While the origin and development of pDC malignancies remain debated, contemporary evidence leans towards considering BPDCN cells the malignant counterparts of precursor pDCs [3,7].

1.5. Molecular and Genetic Analyses

Molecular and genetic analyses play a crucial role in the detailed characterization of BPDCN by offering valuable diagnostic and prognostic insights. Cytogenetic techniques, such as karyotyping and fluorescence in situ hybridization (FISH) have been instrumental in identifying frequent chromosomal anomalies associated with BPDCN. Notable abnormalities include deletions or rearrangements of chromosomes 5q, 12p, and 13q, and mutations in the TP53 gene. Further refinement in detection methods comes from next-generation sequencing (NGS), which sheds light on specific genetic mutations. Alterations in genes like Tet methyl cytosine dioxygenase (TET2), ASXL transcriptional regulator 1 (ASXL1), and DNA methyltransferase 3 alpha (DNMT3A) are commonly reported in BPDCN [24,25,26,27,28]. Moreover, chromosomal changes commonly linked to BPDCN include anomalies in regions 5q, 6q, monosomy 9, 12p, 13q, and 15q [18,26,27,28]. In particular, some of these chromosomal deletions prominently affect key genes involved in cell cycle regulation (CDKN2A/CDKN2B and CDKN1B), tumor suppression (RB1, TP53, and PTEN), transcription factors (IKZF1 and ETV6), and other relevant genes (NR3C1 and LATS2) [28].

2. Treatment of BPDCN

2.1. Treatment Strategies for BPDCN

The recognition of BPDCN as a distinct disease entity is a recent development, and due to its rarity, the establishment of standardized treatment protocols is yet to be achieved. Traditionally, conventional chemotherapy has been the primary method of treating BPDCN.

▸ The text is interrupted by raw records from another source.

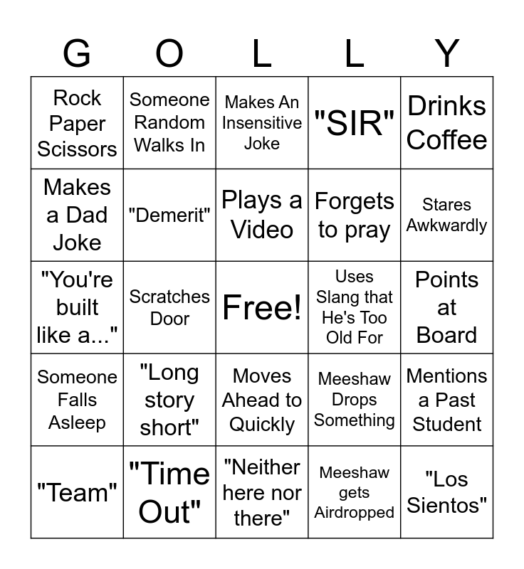 This bingo card has a free space and 35 words: "A Three, A Two, A Juan", "This is True", *Tilts Podium*, "Demerit", Moves Ahead to Quickly, "SIR", Makes a Dad Joke, Answers the Phone With a Joke, Plays a Video, Falke Gets In Trouble, "You're built like a...", Drinks Coffee, Room Smells Weird, Pulls up Someone's Screen on the Board, Rock Paper Scissors, Uses Slang that He's Too Old For, Meeshaw gets Airdropped, Scratches Door, Someone Falls Asleep, "Los Sientos", Meeshaw Drops Something, "Team", Mentions a Past Student, "Time Out", Makes An Insensitive Joke, Stares Awkwardly, Someone gets caught eating, Draws on White Board, Forgets to pray, Points at Board, References Pop Culture, "Neither here nor there", "Long story short", Someone Random Walks In and "Alrighty Kiddos".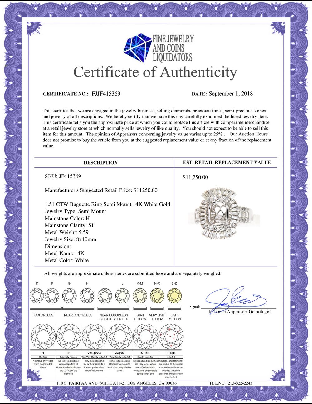 REF-149X2R - JF415369 ---- 1.51 CTW Baguette & Baguette Semi Mount Ring 14K White Gold
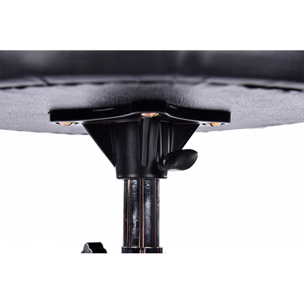 Универсальный стул для музыканта с круглым сиденьем и регулировкой высоты от 38 см до 55 см. Цвет сидения – черный. Двойные подтянутые ножки (38 см) предоставляют отличную прочность и большую устойчивость. На ножках есть резиновые наконечники для того, чтобы стул не скользил.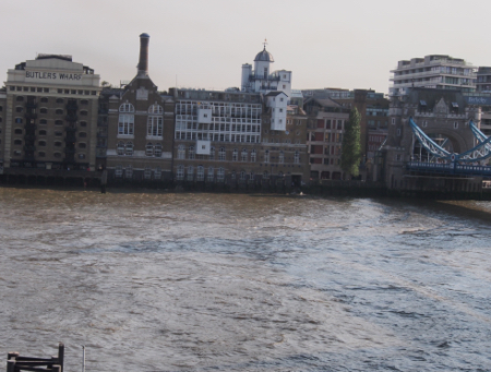 On a normal day the depth of the tide change in London is 24 feet. Even at ebb tide there is enough water depth for the riverboats. Pictured are high and low tide marks for two different locations.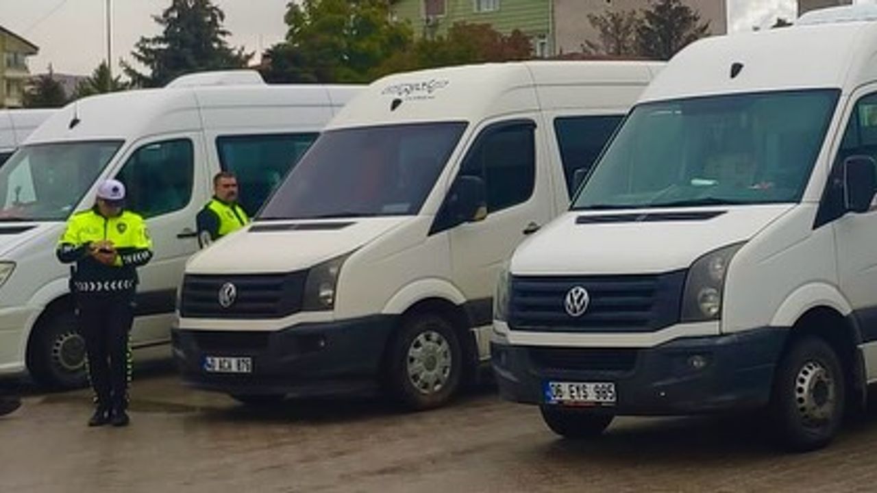 Denetimler sırasında servis araçlarındaki güvenlik donanımları, zorunlu ekipmanlar ve sürücü belgeleri titizlikle kontrol edildi.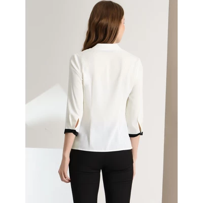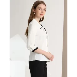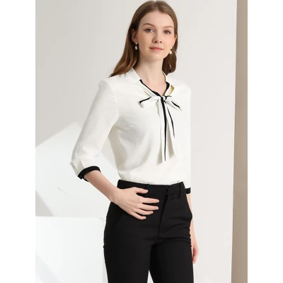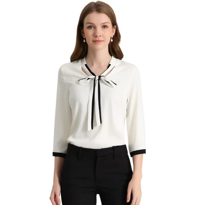 Chic and vintage, this top is a good option for your next workday.Simple and delicate, this blouse features a bow tie-neck, 3/4 sleeve with contrast trim.This nice and neat blouse gives office chic a whole new meaning.Simply add tailored trousers and point-toe heels for a smart-casual finish.The tie-neck adds office-inspired sophistication, while the soft fabric gives it an elegant and feminine shape.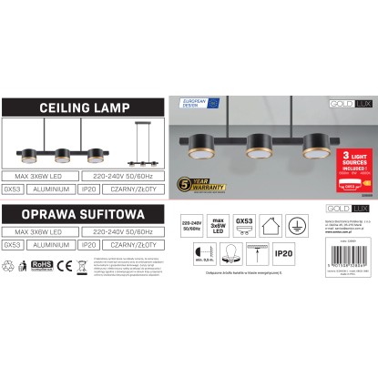 Goldlux Lampa wisząca MIRELLA 3xGX53 6W szer. 50 cm czarno-złota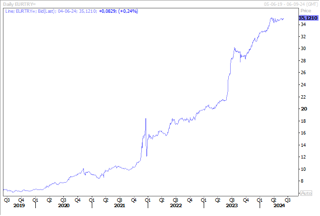 Pour la livre turque par rapport à l’euro, comme le montre le graphique, suite à une hausse de l’inflation, des prix à la production et une baisse de l’indice PMI manufacturier.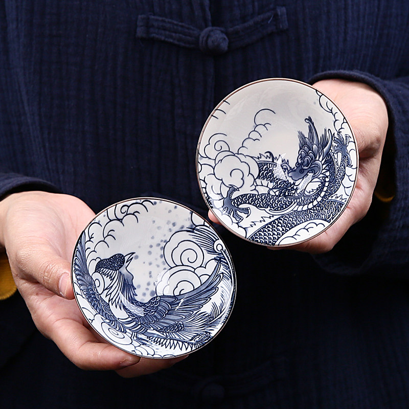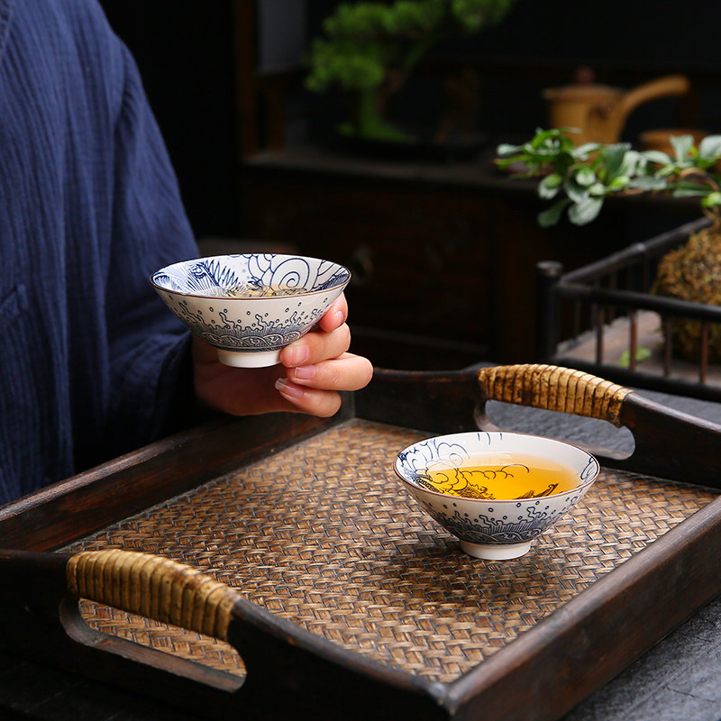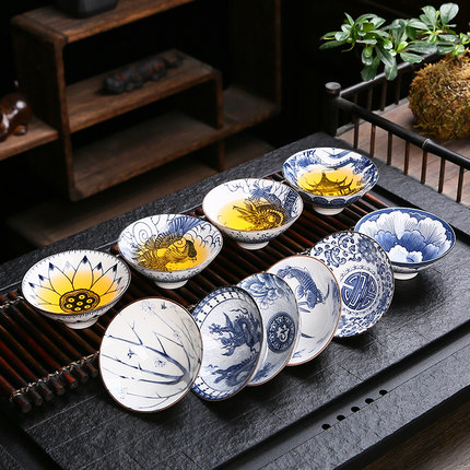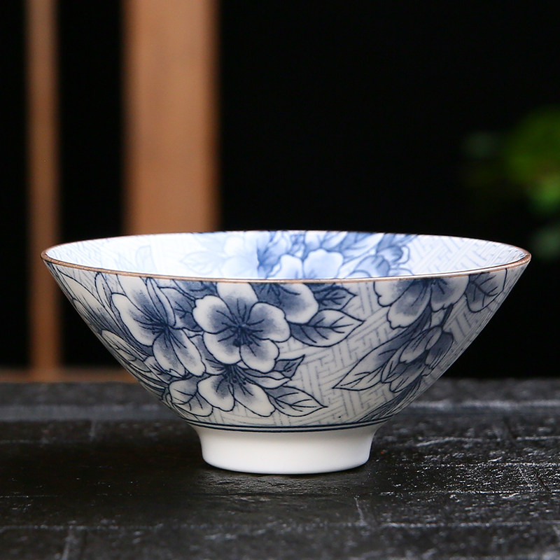 釉下彩青花瓷茶杯大号主人杯子品茗杯斗笠杯薄胎陶瓷功夫茶碗茶盏

2.2. Conventional Chemotherapy

Chemotherapy regimens originally designed for treating acute leukemia have shown varying degrees of success in inducing sustained clinical responses in BPDCN patients. Regimens that combine anthracycline-based induction therapies with high-dose cytarabine have produced encouraging remission rates. In clinical settings, programs such as HyperCVAD (cyclophosphamide, vincristine, doxorubicin, and dexamethasone) and CHOP (cyclophosphamide, doxorubicin, vincristine, and prednisone) have been employed [2,29]. The determination of the most effective treatment plan, including the regimen and length of therapy, remains contentious, largely due to the scarcity of comprehensive clinical trials and variability in patient profiles.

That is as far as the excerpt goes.